§ **EXERCISE AIM**
Leaving out the images, reproduce every line of the data that follows exactly.

§ **EXERCISE DATA**

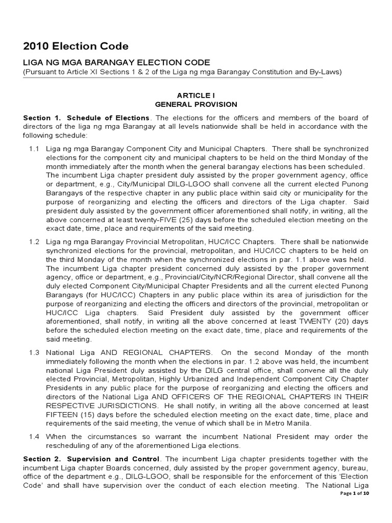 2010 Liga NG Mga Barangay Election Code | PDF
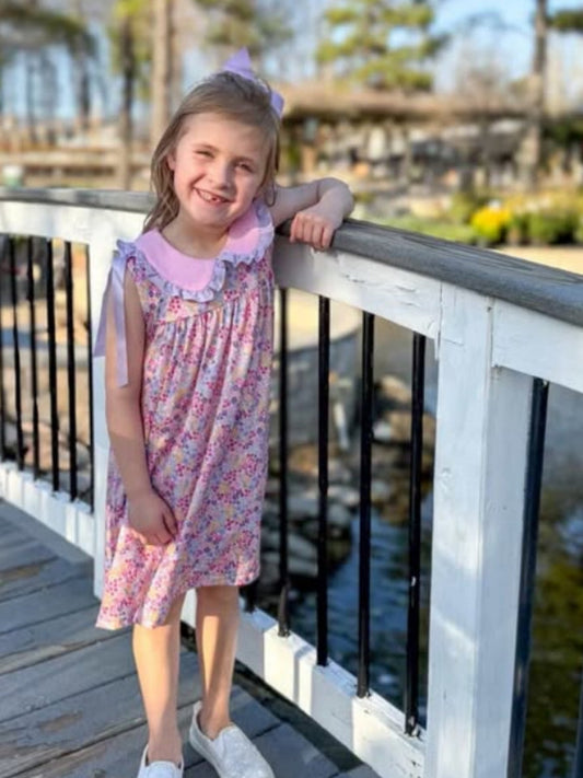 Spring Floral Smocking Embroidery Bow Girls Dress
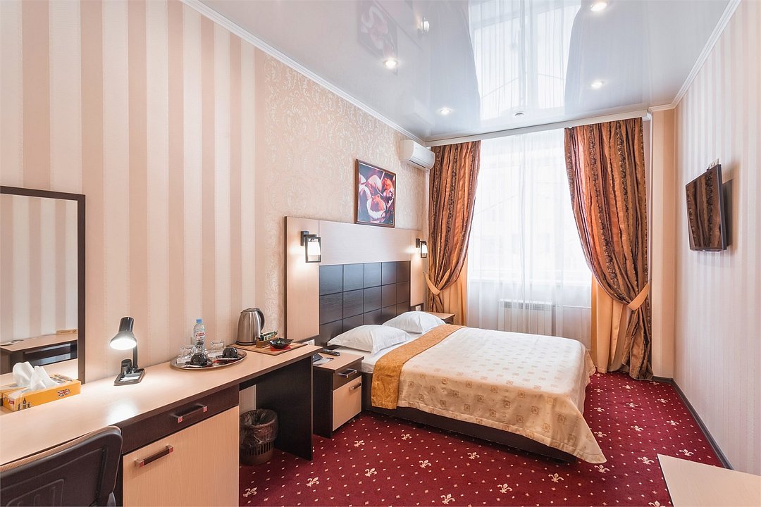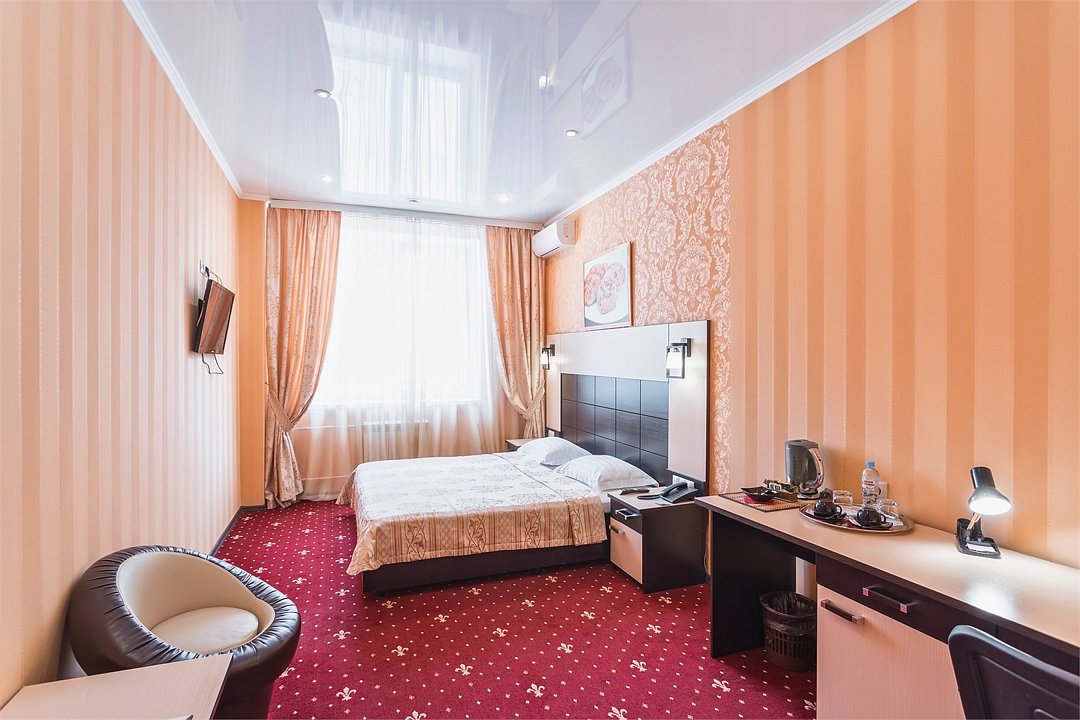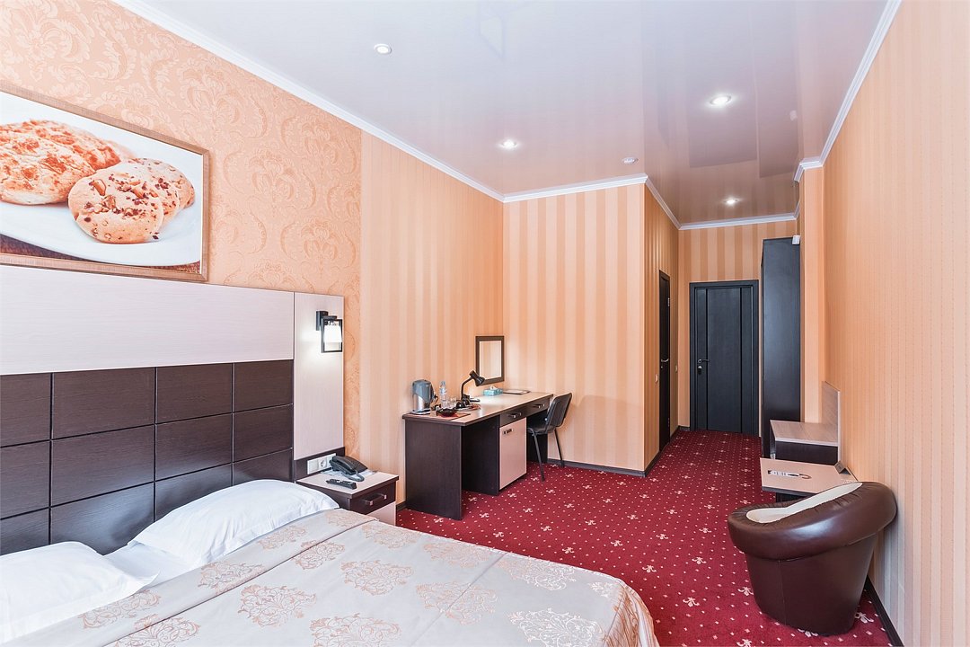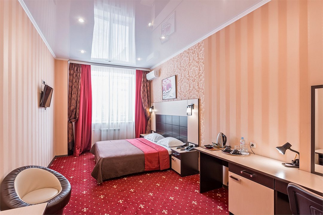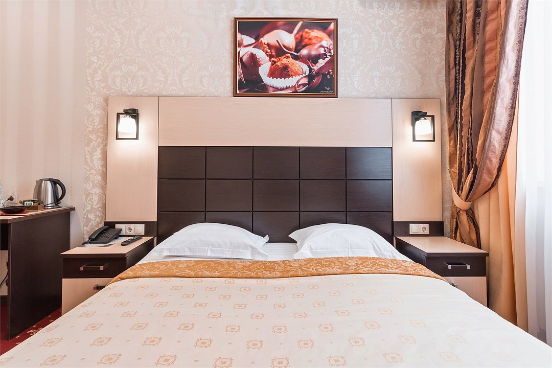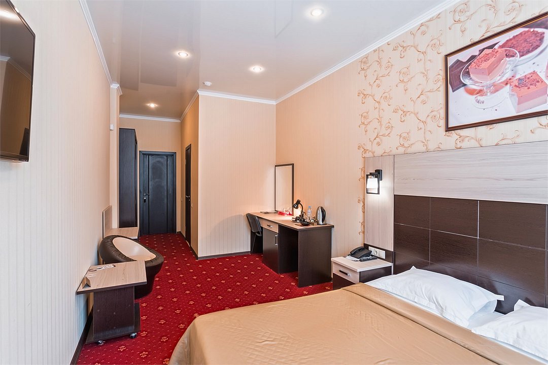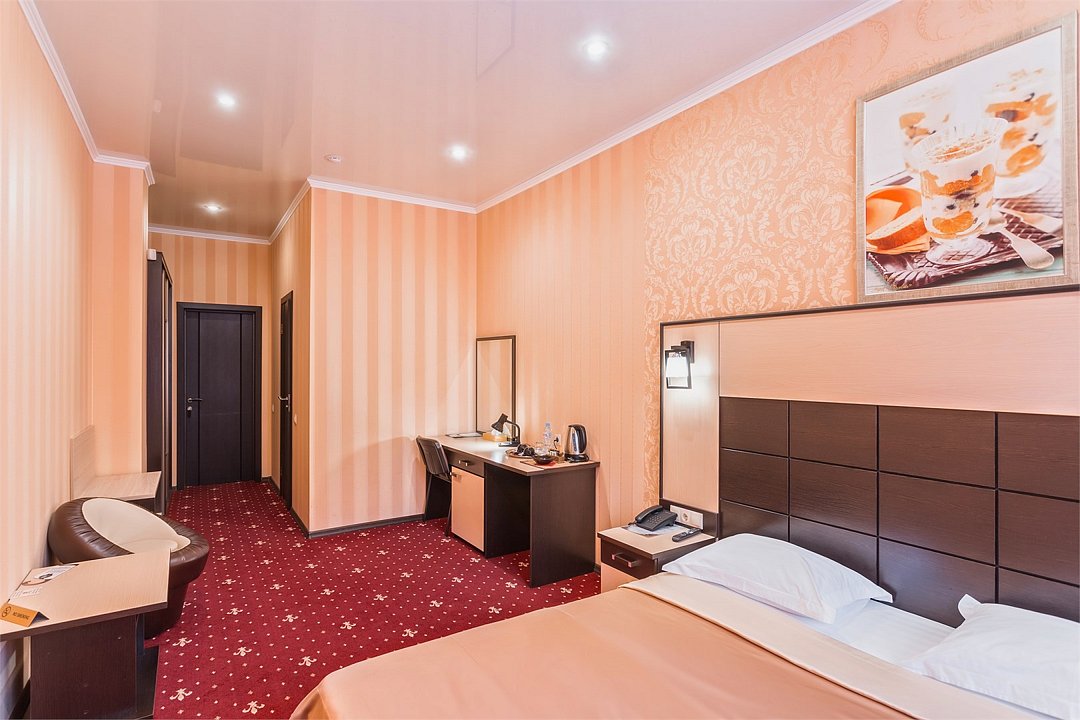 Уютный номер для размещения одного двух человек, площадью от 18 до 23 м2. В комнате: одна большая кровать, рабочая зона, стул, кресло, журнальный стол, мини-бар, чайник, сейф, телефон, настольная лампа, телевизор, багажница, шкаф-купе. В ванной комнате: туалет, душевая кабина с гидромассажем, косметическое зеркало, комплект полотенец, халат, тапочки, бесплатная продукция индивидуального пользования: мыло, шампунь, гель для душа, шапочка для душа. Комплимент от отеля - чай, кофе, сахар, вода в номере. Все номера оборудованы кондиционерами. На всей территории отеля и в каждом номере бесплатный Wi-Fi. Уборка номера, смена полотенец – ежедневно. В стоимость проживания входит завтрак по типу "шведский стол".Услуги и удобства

§ **ANSWER FOR THE TASK**
 2010 Liga NG Mga Barangay Election Code | PDF
 Spring Floral Smocking Embroidery Bow Girls Dress
 Уютный номер для размещения одного двух человек, площадью от 18 до 23 м2. В комнате: одна большая кровать, рабочая зона, стул, кресло, журнальный стол, мини-бар, чайник, сейф, телефон, настольная лампа, телевизор, багажница, шкаф-купе. В ванной комнате: туалет, душевая кабина с гидромассажем, косметическое зеркало, комплект полотенец, халат, тапочки, бесплатная продукция индивидуального пользования: мыло, шампунь, гель для душа, шапочка для душа. Комплимент от отеля - чай, кофе, сахар, вода в номере. Все номера оборудованы кондиционерами. На всей территории отеля и в каждом номере бесплатный Wi-Fi. Уборка номера, смена полотенец – ежедневно. В стоимость проживания входит завтрак по типу "шведский стол".Услуги и удобства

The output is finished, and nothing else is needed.